Toen begin januari het ijs te dik werd voor de Lely konden wij niet meer naar Harderwijk. In plaats van vrij te zijn, werd dokter Bekius bereid gevonden een paar ochtenden per week les te geven. Van het dictee weet ik nog: "De aap heeft een zere staart. De staart moet in de soda. enz".

Toen voorjaar 1954 het ijs minder was, gingen wij met de Lely op vrijdag naar school in Harderwijk en daarnaast gaf dokter Bekius ons een paar ochtenden of middagen les. Op zekere dag komt een inspekteur van onderwijs. Per boot natuurlijk, dus zijn komst was tevoren bekend. Tegenwoordig zouden we zoiets een snoepreisje noemen. Ik weet nog dat de man vroeg naar de administratie van de leerprestaties. Maar dokter Bekius had helemaal geen administratie van deze leerlingen. Dat was natuurlijk een minpuntje (voor een huisarts?) Op een gegeven moment kijkt de inspecteur op zijn zakhorloge. "Mooi dat u een horloge hebt met Romeinse cijfers", zegt Bekius. "De jongens waren daar juist aan toe. En ik moet nodig dit of dat". Blijkbaar was Bekius flauw van deze man en wilde hem kwijt. En weg is Bekius.
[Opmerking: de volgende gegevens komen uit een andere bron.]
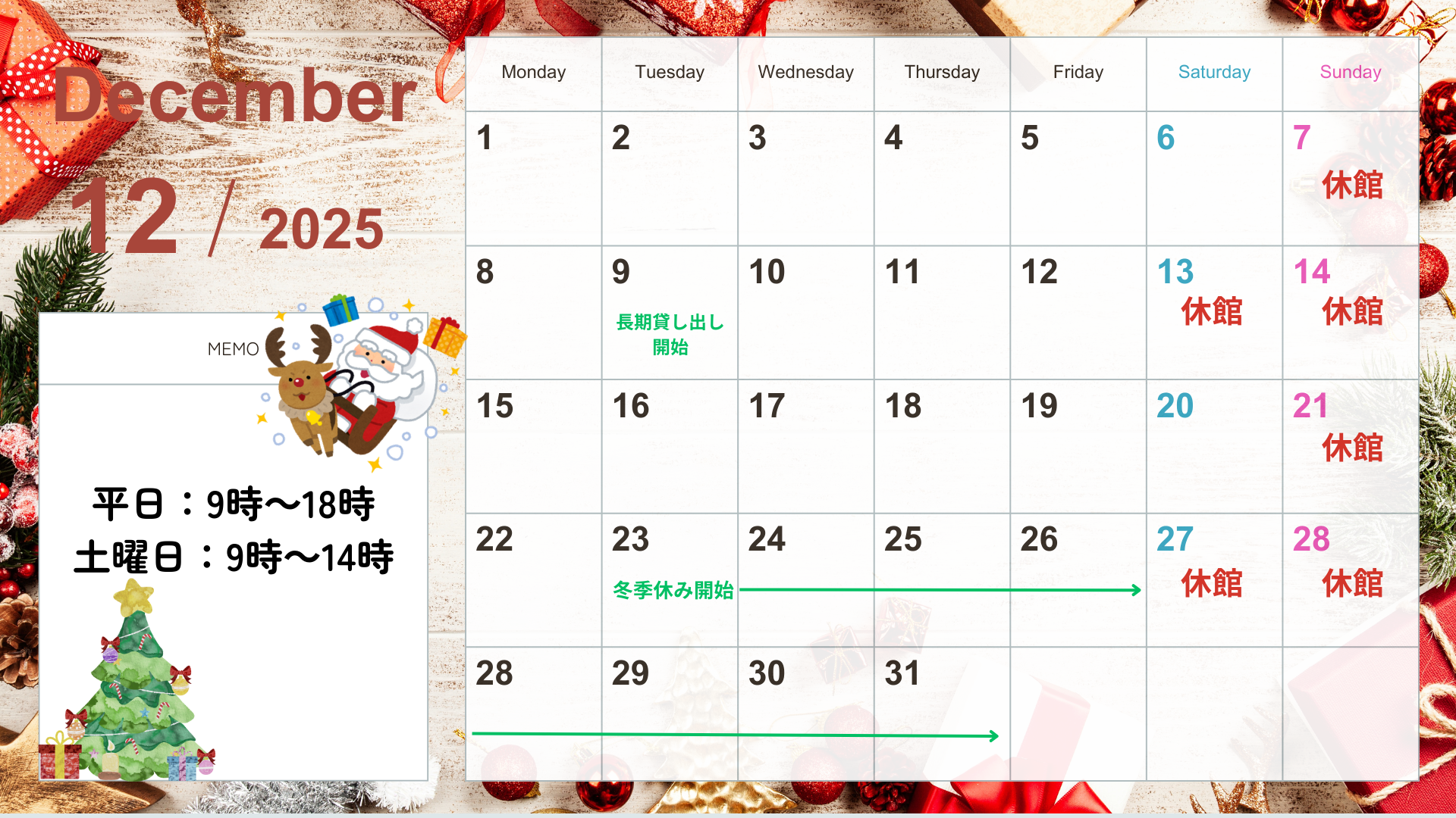 12月の休館日は、7,13,14,21,27,28日です! また、年内12月27日から年明け2026年度1月4日までは図書館・情報センターが休館となりますのでよろしくお願いいたします! みなさんのご来館お待ちしております😊

Zo heb ik dus les gehad van de inspecteur van onderwijs. X = 10, L = 50, C = 100 M = 1000 enz. Ik weet nog dat ik hem vroeg waar dit voor nodig was. Een horloge gaat maar tot 12. Waar heb je dan 50 en 100 en 1000 voor nodig? Het antwoord moet nog steeds komen.

Ingezonden verhaal, Bob Flobbe, Delfzijl.